NAVY STEPS UP ACTION TO PROTECT SHIPPING
Footage of commandos hunting pirates after Arabian Sea attack shows India’s desire to project itself as responsible power, analysts say
Dramatic drone footage showing Indian commandos hunting pirates after an attack in the Arabian Sea illustrates New Delhi’s “significant” expansion of a muscular maritime force reflecting global ambitions, analysts say.
The commandos, deployed this month from an Indian-built warship after an attempted hijacking of a merchant bulk carrier, are part of a major increase of naval forces in seas where rival neighbour China has already long expanded its reach.
“It’s significant given the geopolitical context” and the aggressive “use of naval assets”, said Uday Bhaskar, head of the New Delhi-based Society for Policy Studies think tank.
In recent years Beijing has negotiated infrastructure deals with countries around the Indian Ocean as part of its Belt and Road Initiative, including Sri Lanka, the Maldives, Bangladesh and Djibouti, where it opened its first overseas military base in 2017, raising concerns among Indian officials.
Now Prime Minister Narendra Modi, expected to be re-elected later this year, is looking to raise the global heft of India, the world’s fifth-largest economy, which last year displaced China as the most populous country.
“As India continues to rise in the international great power hierarchy, it envisions to project itself as a leading and responsible power,” said Don McLain Gill of De La Salle University in the Philippines.
Its naval deployment is part of its “desire to play a larger and more proactive role as a responsible security and development partner”, Gill said.
Indian combat operations against pirates are not new.
The navy has been deployed continuously off Somalia since 2008 as piracy surged, bombarding and sinking pirate “mother ships” ranging from just off India’s coast to the Gulf of Aden, boarding boats by helicopter and capturing dozens of gunmen.

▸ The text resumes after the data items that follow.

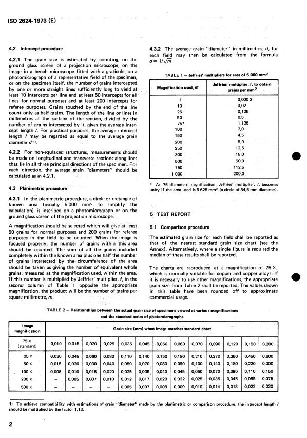 ISO 2624:1973 is a standard published by the International Organization for Standardization (ISO). Its full title is "Copper and copper alloys — Estimation of average grain size". This standard covers: Copper and copper alloys — Estimation of average grain size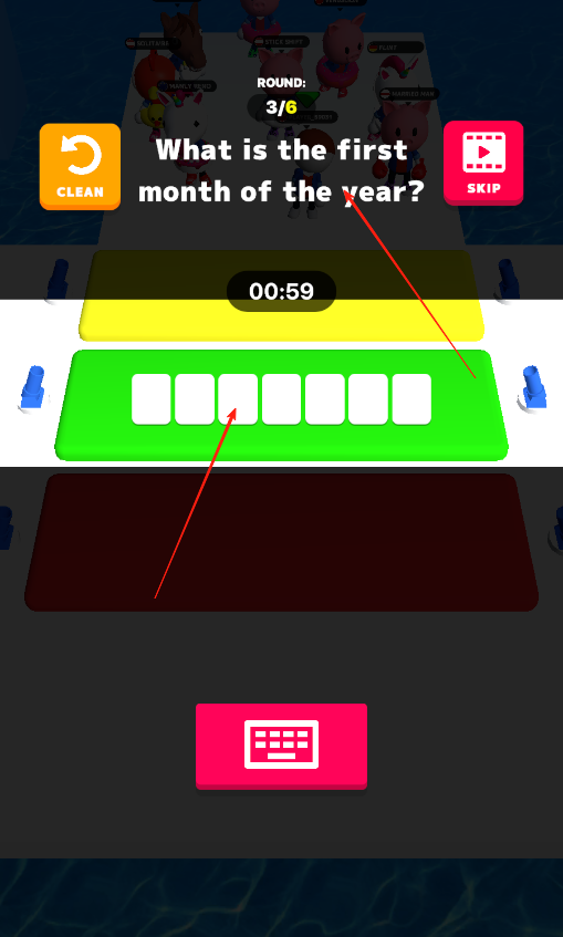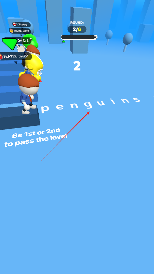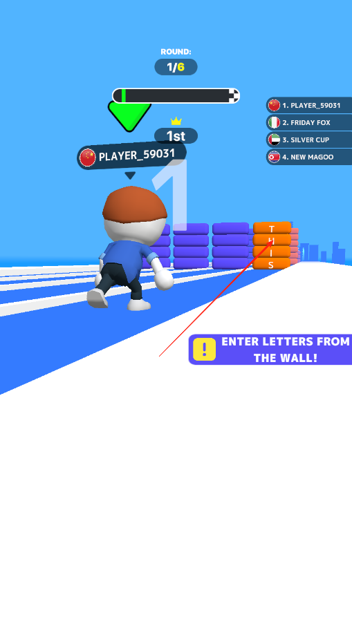2、當(dāng)?shù)谝魂P(guān)結(jié)束,淘汰一批玩家之后,則會進(jìn)入第二關(guān)卡,當(dāng)前關(guān)卡需要根據(jù)前方英文打字,才能出現(xiàn)前進(jìn)的方塊。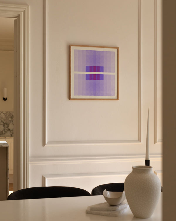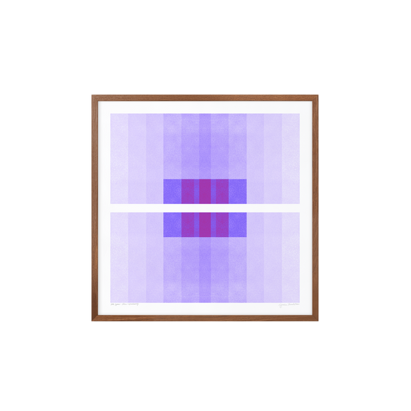 The art print: “Color Space: Lilac and Berry” by artists Jessica Pundstone is a graphic illustrated poster, exclusively made for Peléton. It has been important to them that the poster is open to interpretation. This work is part of a collection of exclusive art prints that express minimalism and simplicity.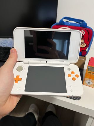 Consola portátil Nintendo New 2DS XL en llamativos colores blanco y naranja. Diseñada para una experiencia de juego cómoda y portátil. - Pantalla superior e inferior. - Botones de acción naranjas. - Diseño plegable. - Con funda de tela y funda semirrígida incluida

But the navy’s deployment in December of a far larger force – including three guided-missile destroyers and P-8I reconnaissance aircraft to “maintain a deterrent presence” after a string of shipping attacks – marks a rapid ramping up of forces.
Defence Minister Rajnath Singh – speaking at the launch of India’s latest own-built warship, joining an indigenous-made fleet including an aircraft carrier and submarines – vowed shipping would be protected “from the sea to the heights of the sky”.
The response followed a December 23 drone attack on the MV Chem Pluto tanker 370km off the coast of India, which Washington blamed on Iran – claims Tehran dubbed “worthless”.
Yemen’s Iran-backed Houthis have launched scores of Red Sea attacks targeting Israeli-linked vessels in response to Israel’s war against the Palestinian militant group Hamas, which is also backed by Tehran.
India, which has close trade ties with Iran, has not joined the US-led force battling the Houthis.
On Thursday, US President Joe Biden said US and British forces had launched air strikes against Houthi targets in Yemen in a “defensive action” following the recent attacks on Red Sea shipping.
But with international naval forces diverted north into the Red Sea – sparking fears of resurgent pirates exploiting the gap with the first successful case of Somali piracy since 2017 recorded in December – New Delhi remains worried about the impact on trade.
One report, by New Delhibased Research and Information System for Developing Countries, warned India could lose US$30 billion in exports this year – a six per cent drop – if more shipping has to divert via South Africa.
But India was taking “very proactive action” to ensure pirates “don’t venture out into the Indian Ocean region”, Admiral Hari Kumar, chief of naval staff, told reporters last week.
On January 5, after the Liberian-flagged MV Lila Norfolk reported an attempted hijacking off Somalia’s coast, an Indian destroyer and surveillance aircraft tracked the vessel giving a “forceful warning”, the navy said.
By the time the elite commando force boarded for so-called “sanitisation” operations, the pirates had fled – but the footage was shared widely by the navy as evidence of their “swift response” capabilities.